Task goal
Take the entries below and reproduce exactly the portion that begins at the line containing "Objet : Plaque" and ends at the line containing "의사·간호사 등의 1인당", keeping both ends, dropping pictures, and adding nothing else.

Data in this exercise
----------------
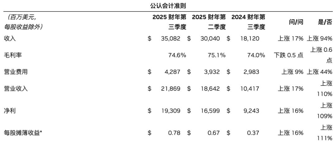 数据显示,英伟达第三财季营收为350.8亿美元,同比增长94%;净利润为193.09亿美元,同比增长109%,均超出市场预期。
----------------
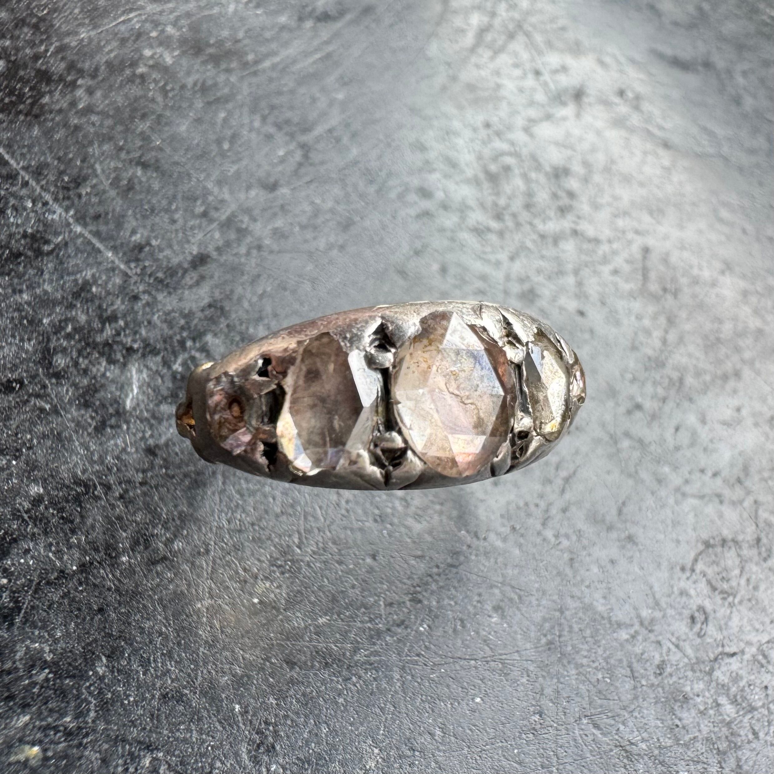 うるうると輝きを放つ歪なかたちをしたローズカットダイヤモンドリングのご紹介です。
----------------
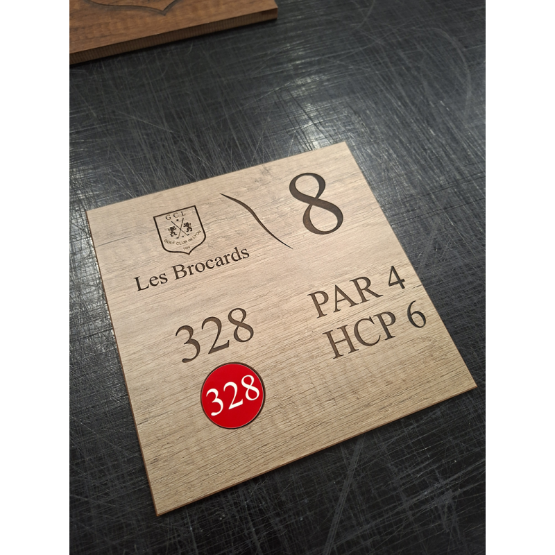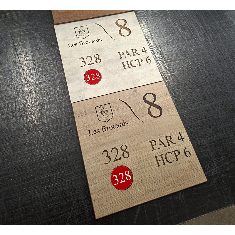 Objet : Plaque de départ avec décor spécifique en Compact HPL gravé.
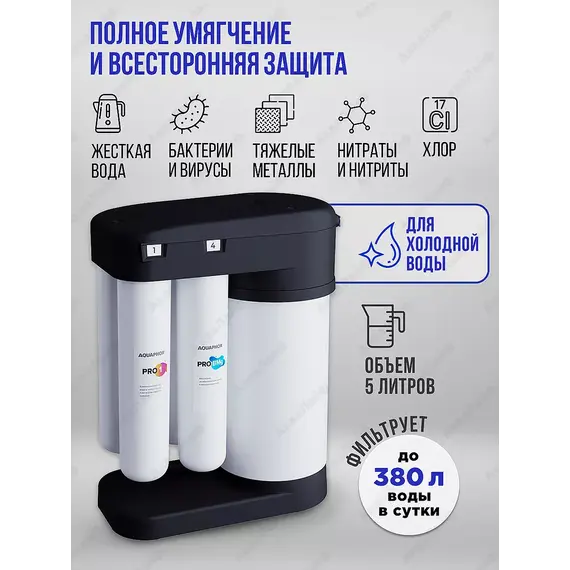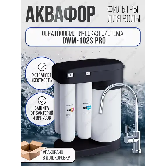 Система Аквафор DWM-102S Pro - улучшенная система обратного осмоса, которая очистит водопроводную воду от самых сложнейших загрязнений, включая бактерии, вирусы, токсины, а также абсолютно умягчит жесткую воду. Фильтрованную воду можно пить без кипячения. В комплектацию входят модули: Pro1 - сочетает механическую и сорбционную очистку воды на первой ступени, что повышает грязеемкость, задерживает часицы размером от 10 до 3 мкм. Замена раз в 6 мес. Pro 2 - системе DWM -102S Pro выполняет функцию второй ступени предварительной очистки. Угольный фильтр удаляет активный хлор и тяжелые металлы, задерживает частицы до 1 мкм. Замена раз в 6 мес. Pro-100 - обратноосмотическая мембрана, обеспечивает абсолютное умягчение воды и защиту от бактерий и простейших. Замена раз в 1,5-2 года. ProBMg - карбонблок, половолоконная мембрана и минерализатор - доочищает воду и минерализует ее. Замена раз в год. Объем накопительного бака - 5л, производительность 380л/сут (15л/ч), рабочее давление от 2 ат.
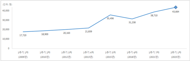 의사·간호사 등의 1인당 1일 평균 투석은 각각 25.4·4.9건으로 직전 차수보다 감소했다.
----------------
Output below
 Objet : Plaque de départ avec décor spécifique en Compact HPL gravé.
 Система Аквафор DWM-102S Pro - улучшенная система обратного осмоса, которая очистит водопроводную воду от самых сложнейших загрязнений, включая бактерии, вирусы, токсины, а также абсолютно умягчит жесткую воду. Фильтрованную воду можно пить без кипячения. В комплектацию входят модули: Pro1 - сочетает механическую и сорбционную очистку воды на первой ступени, что повышает грязеемкость, задерживает часицы размером от 10 до 3 мкм. Замена раз в 6 мес. Pro 2 - системе DWM -102S Pro выполняет функцию второй ступени предварительной очистки. Угольный фильтр удаляет активный хлор и тяжелые металлы, задерживает частицы до 1 мкм. Замена раз в 6 мес. Pro-100 - обратноосмотическая мембрана, обеспечивает абсолютное умягчение воды и защиту от бактерий и простейших. Замена раз в 1,5-2 года. ProBMg - карбонблок, половолоконная мембрана и минерализатор - доочищает воду и минерализует ее. Замена раз в год. Объем накопительного бака - 5л, производительность 380л/сут (15л/ч), рабочее давление от 2 ат.
 의사·간호사 등의 1인당 1일 평균 투석은 각각 25.4·4.9건으로 직전 차수보다 감소했다.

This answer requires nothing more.